[Extracted records]
+===+
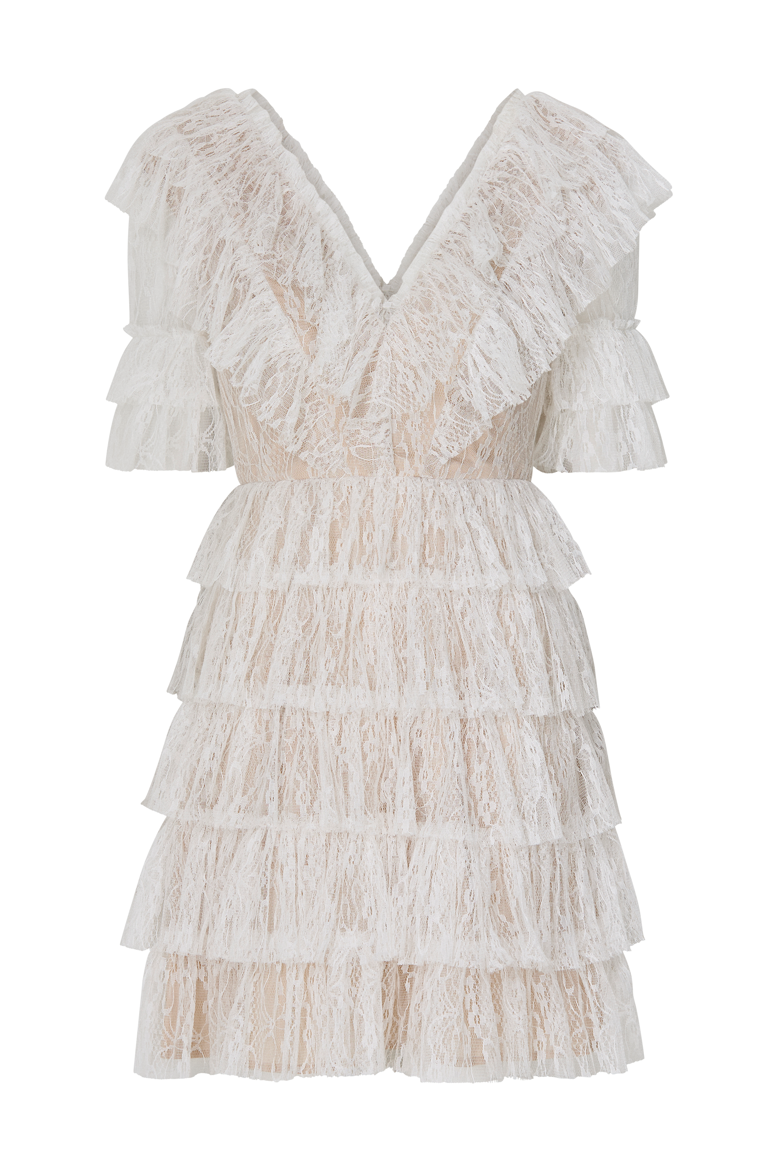 Blondekjole Sky Dress fra By Malina, en perfekt minikjole med blondeflæser og let A-formet skørt. V-udskæring både foran og bagpå samt halvlange ærmer med flæser. Skjult lynlås i den ene side. Foret. Længde ca. 90 cm i str. S.
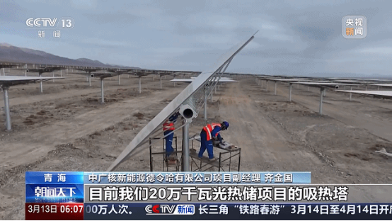在青海我國單體最大、儲能配比率最高的光熱儲多能互補(bǔ)項(xiàng)目中廣核德令哈100萬千瓦光熱儲一體化項(xiàng)目建設(shè)正酣其中80萬千瓦光伏發(fā)電項(xiàng)目已于2024年12月13日成功并網(wǎng)發(fā)電眼下施工人員們正在進(jìn)行該項(xiàng)目中20萬千瓦光熱儲能項(xiàng)目的定日鏡安裝
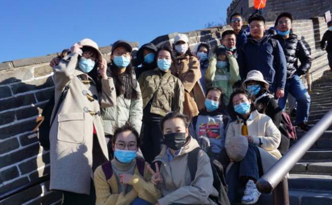 八达岭关城修建于约500年前,是北京地区保存得较为完整长城段之一,长期是古代的军事重地和交通要道。其城墙以条石为建筑材料,是万里长城中采用的建筑规格最高的一段,无论是近观抑或远望,都给人坚不可摧的感觉。八达岭长城不但在古代起到抵御外敌的屏障作用,在中华民族抗击日本侵略的战斗中,也谱写了响彻云天的壮歌。1940年1月,八路军在八达岭附近建立了平北军分区,领导北至坝上草原,南至北平,东至承德,西至张家口的抗日游击战,开辟了一个特殊的抗日战场。 回顾历史之后,同学们开始游览八达岭长城北段。虽然关城到终点的北8楼距离不足两公里,但其地理位置险要,修筑于起伏较大的山脊之上,即使同学们身上负载不多,开始攀登不久后,行进速度就开始下降,大家不禁萌生出对长城保卫边疆将士们的敬佩之情。凛冽的寒风不断挑战着同学们的体能,锻炼着同学们的意志。但同学们一致向前,毫不畏惧,在正午时刻到达了北段长城的终点。
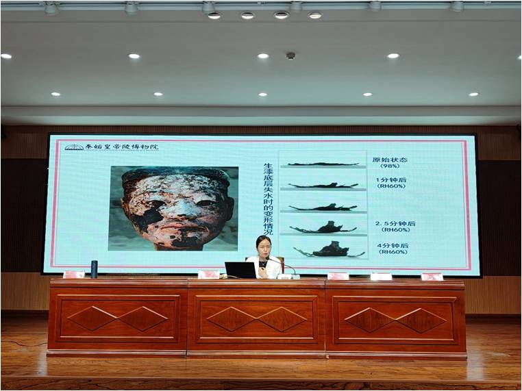 赵老师介绍了秦兵马俑刚出土时的脸型、妆造、色彩以及秦兵马俑出土后的保护措施。有同学就秦兵马俑色彩的提炼、保存及保护进行了提问,赵老师对同学们提出的问题进行了解答。
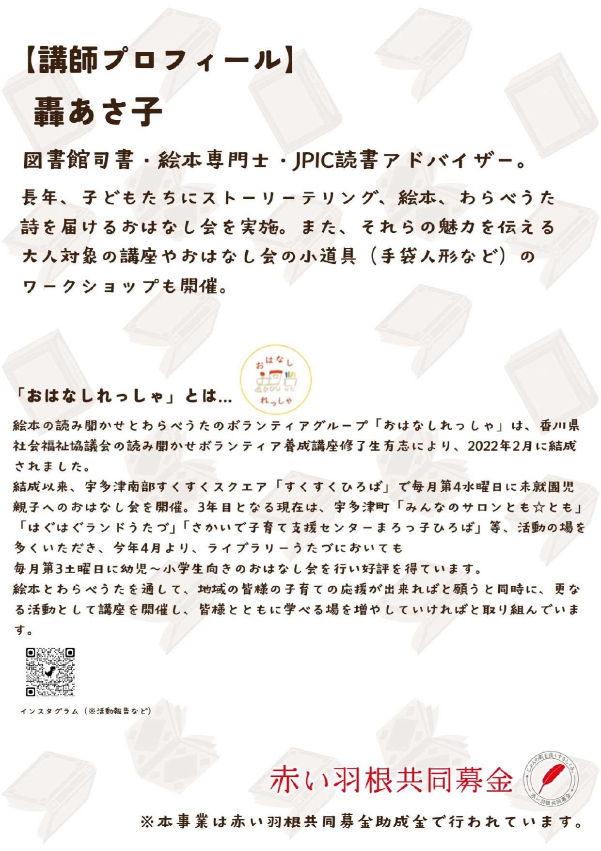 | 内 容 | 『昔話の魅力』~ストーリーテリングの経験から~ 絵本読み聞かせとわらべうたのボランティアグループ「おはなしれっしゃ」様の主催、ライブラリーうたづの共催で絵本講座を開催いたします。 昔話の魅力についてこども達にたくさんのお話を届けている絵本専門誌の轟あさ子さんがご講演くださいます。子育て中の方をはじめ、保育・教育関係者・読書ボランティア・学生の皆様のご参加等お待ちしております。 【定員】60名 【対象】昔話に興味ある方どなたでも(定員60名)(※託児はありません。) 【講師】轟 あさ子 氏(図書館司書・絵本専門士・JPIC読者アドバイザー) 【申込開始】9月2日(火)9時~ 【申込方法】お電話もしくは窓口で 【受付】ユープラザうたづ(0877-49-8020) 【主催】絵本読み聞かせとわらべうたのボランティアグループおはなしれっしゃ ※「おはなしれっしゃ」様については…公式インスタグラム 【共催】ユープラザうたづ/ライブラリーうたづ ※詳細は関連リンクをご覧ください。 関連リンク ユープラザうたづ |
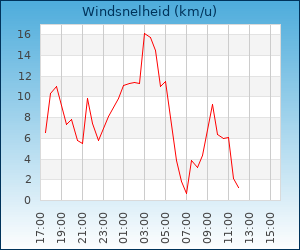 | Windsnelheid en -richting | 1.3 km/u uit ZO |
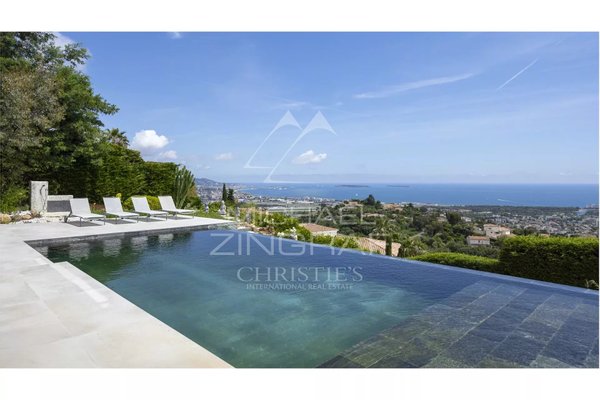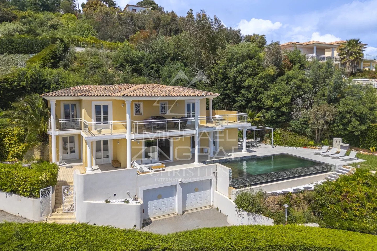 Der Meerblick ist spektakulär und das Panorama reicht von der Bucht von Cannes mit den Lérins-Inseln bis zur Bucht von Théoule, die den Beginn des Esterel-Gebirges markiert. 5 Minuten vom Stadtzentrum, 10 Minuten von den Stränden und Restaurants des Hafens von La Napoule, 10 Minuten vom Golfplatz von Mandelieu, 20 Minuten von La Croisette und 30 Minuten vom Flughafen Nizza entfernt.
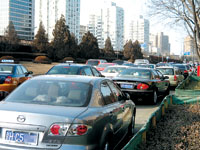 昨天是位于西城區(qū)的中央音樂學院的考級日,考場門前出現(xiàn)了眾人趕考的火爆場面。其中不少孩子都是乘坐家長開的“專車”來考試,浩浩蕩蕩的趕考車隊很快將中央音樂學院內(nèi)部的停車位占滿,而后又排到了學院西門外的二環(huán)輔路上,停放了百米多長。雖有交警疏導,此路段仍然較為擁堵,車輛行進十分緩慢。
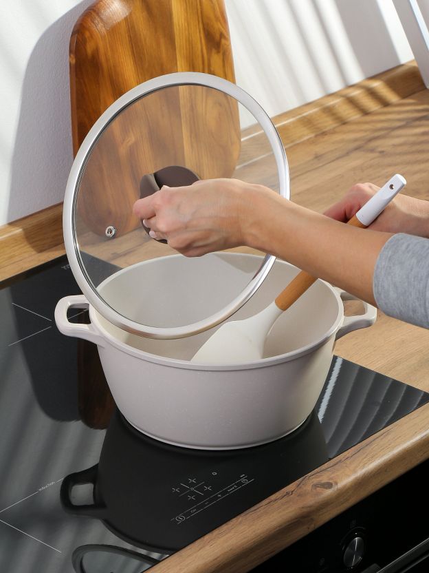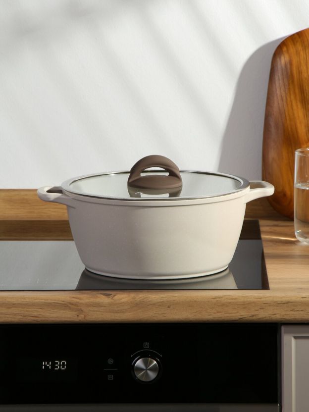 - Толстое дно 4,8 мм, легкий алюминий, объем 4 л — универсальное решение для любых плит, в том числе индукционных.
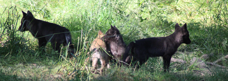 Hoona gave birth to 5 cubs on April 23, 2021. We have three females, Freya, Skadi, Yetu and 2 males, Loki and Togo. The parturition could not be seen by the caretakers and Hoona, the dam only appeared every 2-3 days, which is a good sign. It shows that the mother is confident. She moved her cubs 12 days after birth, which is very early as the babies are still blind at that time. She moved them at 3:00 p.m. in the afternoon, allowing the healers to see and count them. Since June 9, you can come and observe Hoona, Kenai and their 5 cubs accompanied by our 3 other Canadian Wolves in the Wolf Forest.
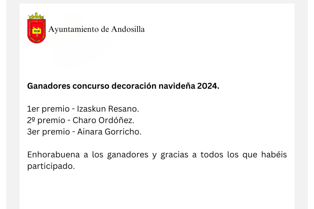 Ene32025ComunicadosCategoría: ComunicadosPor Carlos Resaenero 3, 2025Navegación entre publicacionesAnteriorPublicación anterior:Feliz Año 2025SiguientePublicación siguiente:Cabalgata Reyes 2024Noticias relacionadasComunicado del Ayuntamientodiciembre 22, 2025Comunicado del Ayuntamientodiciembre 21, 2025Comunicado de la Guardia Civildiciembre 2, 2025Comunicadodiciembre 1, 2025Confinamiento de explotaciones para la prevención y control del contagio por influencia aviarnoviembre 15, 2025Comunicado del polideportivo municipaloctubre 27, 2025
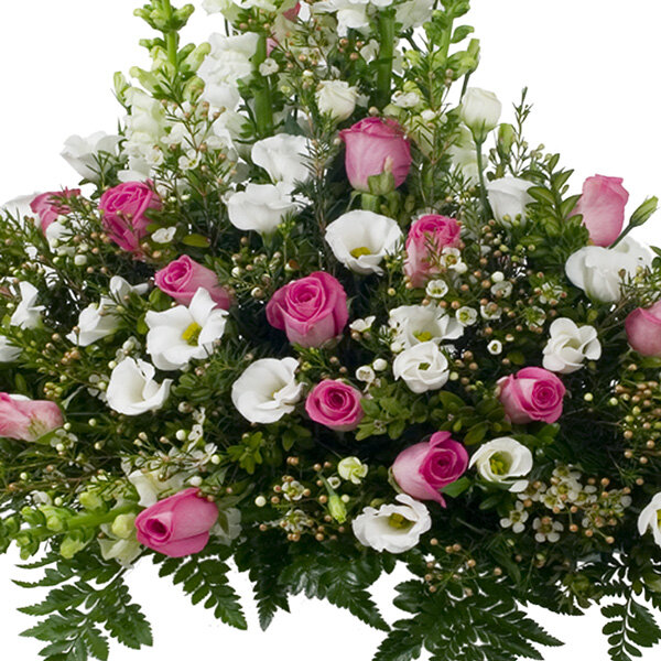 Raquette rose et blanche composée de roses roses, lisianthus, muflier et autres fleurs.
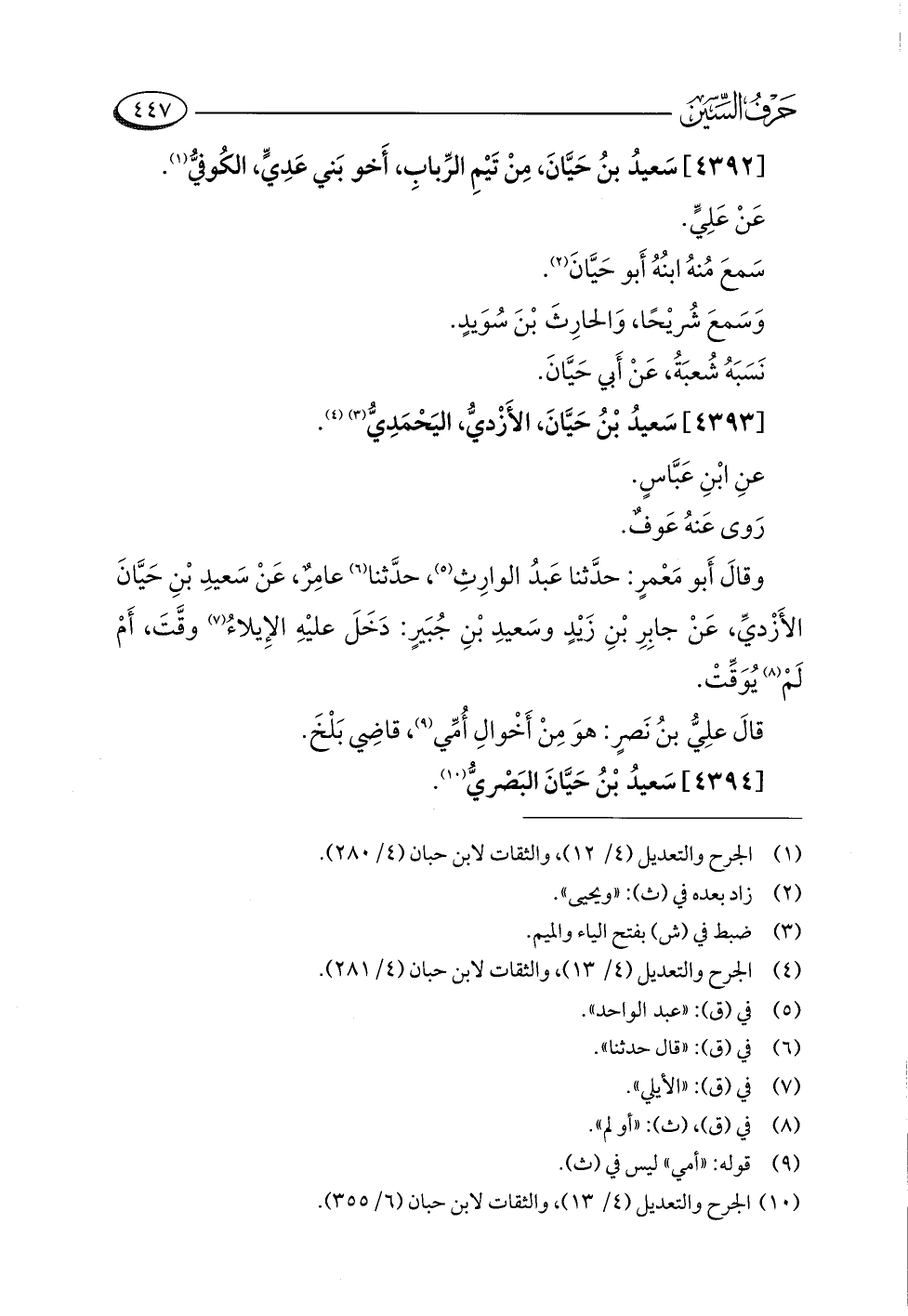 [٤٣٩٢] سَعيدُ بنُ حَيَّانَ، مِنْ تَيْمِ الرِّبابِ، أَخو بَني عَدِيٍّ، الكُوفيُّ (¬١).
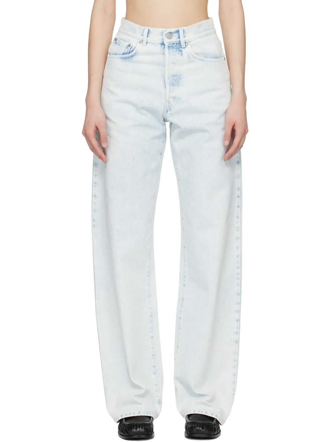 Non-stretch denim jeans. · Fading throughout · Belt loops · Five-pocket styling · Button fly · Logo patch at back waistband · Logo-engraved silver-tone hardware Supplier color: Light Blue 100% cotton. Made in Italy 261358F069002
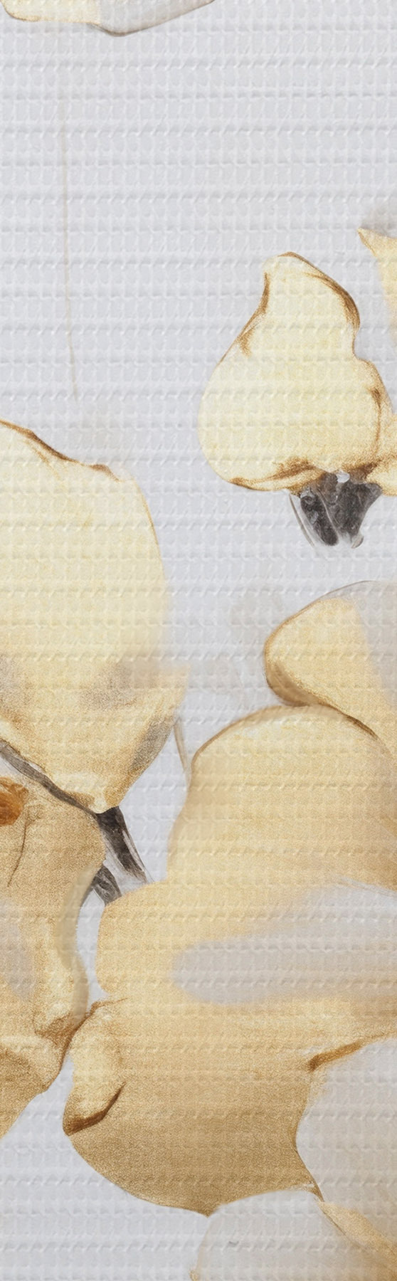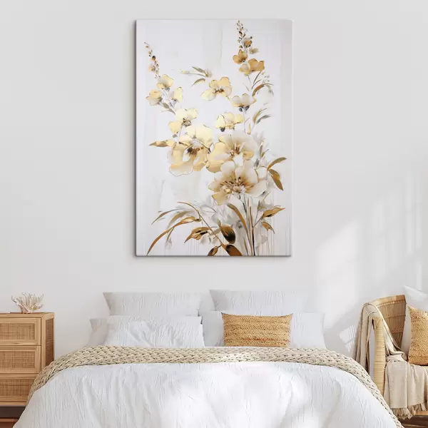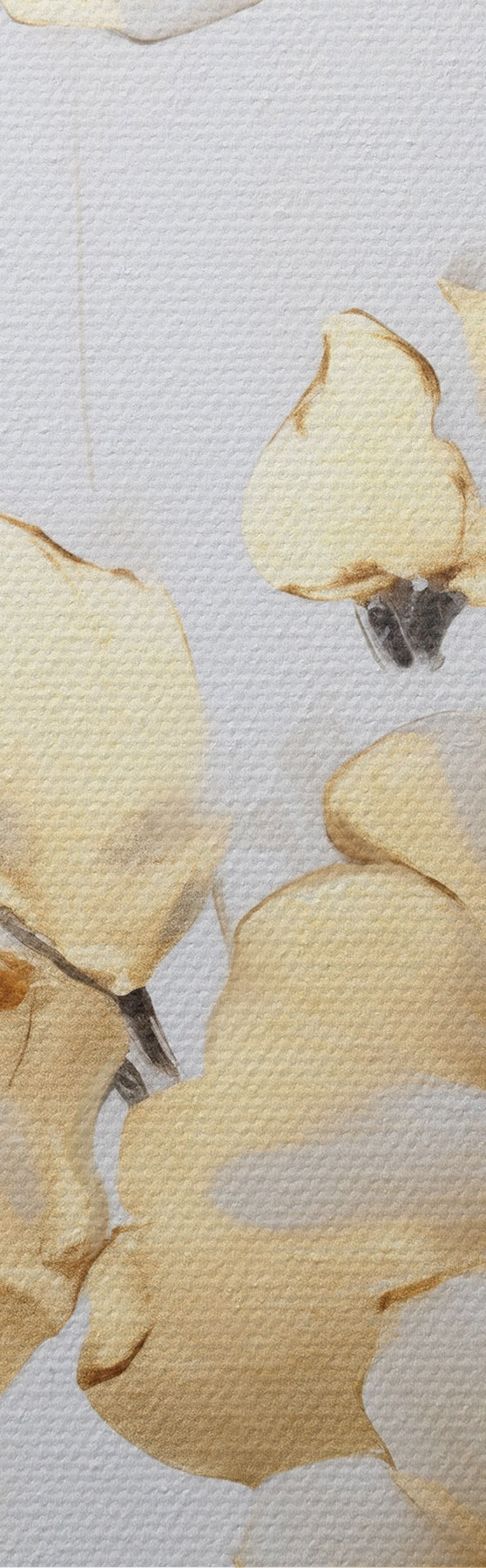 Maalid Tekstuuriga kollased õied ja lehed valgel taustal, delikaatsete pintslitõmmetega Nr s47016
+===+
Omitting the pictures, copy each record above exactly as it stands.

Exercise answer.
 Blondekjole Sky Dress fra By Malina, en perfekt minikjole med blondeflæser og let A-formet skørt. V-udskæring både foran og bagpå samt halvlange ærmer med flæser. Skjult lynlås i den ene side. Foret. Længde ca. 90 cm i str. S.
在青海我國單體最大、儲能配比率最高的光熱儲多能互補(bǔ)項(xiàng)目中廣核德令哈100萬千瓦光熱儲一體化項(xiàng)目建設(shè)正酣其中80萬千瓦光伏發(fā)電項(xiàng)目已于2024年12月13日成功并網(wǎng)發(fā)電眼下施工人員們正在進(jìn)行該項(xiàng)目中20萬千瓦光熱儲能項(xiàng)目的定日鏡安裝
 八达岭关城修建于约500年前,是北京地区保存得较为完整长城段之一,长期是古代的军事重地和交通要道。其城墙以条石为建筑材料,是万里长城中采用的建筑规格最高的一段,无论是近观抑或远望,都给人坚不可摧的感觉。八达岭长城不但在古代起到抵御外敌的屏障作用,在中华民族抗击日本侵略的战斗中,也谱写了响彻云天的壮歌。1940年1月,八路军在八达岭附近建立了平北军分区,领导北至坝上草原,南至北平,东至承德,西至张家口的抗日游击战,开辟了一个特殊的抗日战场。 回顾历史之后,同学们开始游览八达岭长城北段。虽然关城到终点的北8楼距离不足两公里,但其地理位置险要,修筑于起伏较大的山脊之上,即使同学们身上负载不多,开始攀登不久后,行进速度就开始下降,大家不禁萌生出对长城保卫边疆将士们的敬佩之情。凛冽的寒风不断挑战着同学们的体能,锻炼着同学们的意志。但同学们一致向前,毫不畏惧,在正午时刻到达了北段长城的终点。
 赵老师介绍了秦兵马俑刚出土时的脸型、妆造、色彩以及秦兵马俑出土后的保护措施。有同学就秦兵马俑色彩的提炼、保存及保护进行了提问,赵老师对同学们提出的问题进行了解答。
 | 内 容 | 『昔話の魅力』~ストーリーテリングの経験から~ 絵本読み聞かせとわらべうたのボランティアグループ「おはなしれっしゃ」様の主催、ライブラリーうたづの共催で絵本講座を開催いたします。 昔話の魅力についてこども達にたくさんのお話を届けている絵本専門誌の轟あさ子さんがご講演くださいます。子育て中の方をはじめ、保育・教育関係者・読書ボランティア・学生の皆様のご参加等お待ちしております。 【定員】60名 【対象】昔話に興味ある方どなたでも(定員60名)(※託児はありません。) 【講師】轟 あさ子 氏(図書館司書・絵本専門士・JPIC読者アドバイザー) 【申込開始】9月2日(火)9時~ 【申込方法】お電話もしくは窓口で 【受付】ユープラザうたづ(0877-49-8020) 【主催】絵本読み聞かせとわらべうたのボランティアグループおはなしれっしゃ ※「おはなしれっしゃ」様については…公式インスタグラム 【共催】ユープラザうたづ/ライブラリーうたづ ※詳細は関連リンクをご覧ください。 関連リンク ユープラザうたづ |
 | Windsnelheid en -richting | 1.3 km/u uit ZO |
 Der Meerblick ist spektakulär und das Panorama reicht von der Bucht von Cannes mit den Lérins-Inseln bis zur Bucht von Théoule, die den Beginn des Esterel-Gebirges markiert. 5 Minuten vom Stadtzentrum, 10 Minuten von den Stränden und Restaurants des Hafens von La Napoule, 10 Minuten vom Golfplatz von Mandelieu, 20 Minuten von La Croisette und 30 Minuten vom Flughafen Nizza entfernt.
 昨天是位于西城區(qū)的中央音樂學院的考級日,考場門前出現(xiàn)了眾人趕考的火爆場面。其中不少孩子都是乘坐家長開的“專車”來考試,浩浩蕩蕩的趕考車隊很快將中央音樂學院內(nèi)部的停車位占滿,而后又排到了學院西門外的二環(huán)輔路上,停放了百米多長。雖有交警疏導,此路段仍然較為擁堵,車輛行進十分緩慢。
 - Толстое дно 4,8 мм, легкий алюминий, объем 4 л — универсальное решение для любых плит, в том числе индукционных.
 Hoona gave birth to 5 cubs on April 23, 2021. We have three females, Freya, Skadi, Yetu and 2 males, Loki and Togo. The parturition could not be seen by the caretakers and Hoona, the dam only appeared every 2-3 days, which is a good sign. It shows that the mother is confident. She moved her cubs 12 days after birth, which is very early as the babies are still blind at that time. She moved them at 3:00 p.m. in the afternoon, allowing the healers to see and count them. Since June 9, you can come and observe Hoona, Kenai and their 5 cubs accompanied by our 3 other Canadian Wolves in the Wolf Forest.
 Ene32025ComunicadosCategoría: ComunicadosPor Carlos Resaenero 3, 2025Navegación entre publicacionesAnteriorPublicación anterior:Feliz Año 2025SiguientePublicación siguiente:Cabalgata Reyes 2024Noticias relacionadasComunicado del Ayuntamientodiciembre 22, 2025Comunicado del Ayuntamientodiciembre 21, 2025Comunicado de la Guardia Civildiciembre 2, 2025Comunicadodiciembre 1, 2025Confinamiento de explotaciones para la prevención y control del contagio por influencia aviarnoviembre 15, 2025Comunicado del polideportivo municipaloctubre 27, 2025
 Raquette rose et blanche composée de roses roses, lisianthus, muflier et autres fleurs.
 [٤٣٩٢] سَعيدُ بنُ حَيَّانَ، مِنْ تَيْمِ الرِّبابِ، أَخو بَني عَدِيٍّ، الكُوفيُّ (¬١).
 Non-stretch denim jeans. · Fading throughout · Belt loops · Five-pocket styling · Button fly · Logo patch at back waistband · Logo-engraved silver-tone hardware Supplier color: Light Blue 100% cotton. Made in Italy 261358F069002
 Maalid Tekstuuriga kollased õied ja lehed valgel taustal, delikaatsete pintslitõmmetega Nr s47016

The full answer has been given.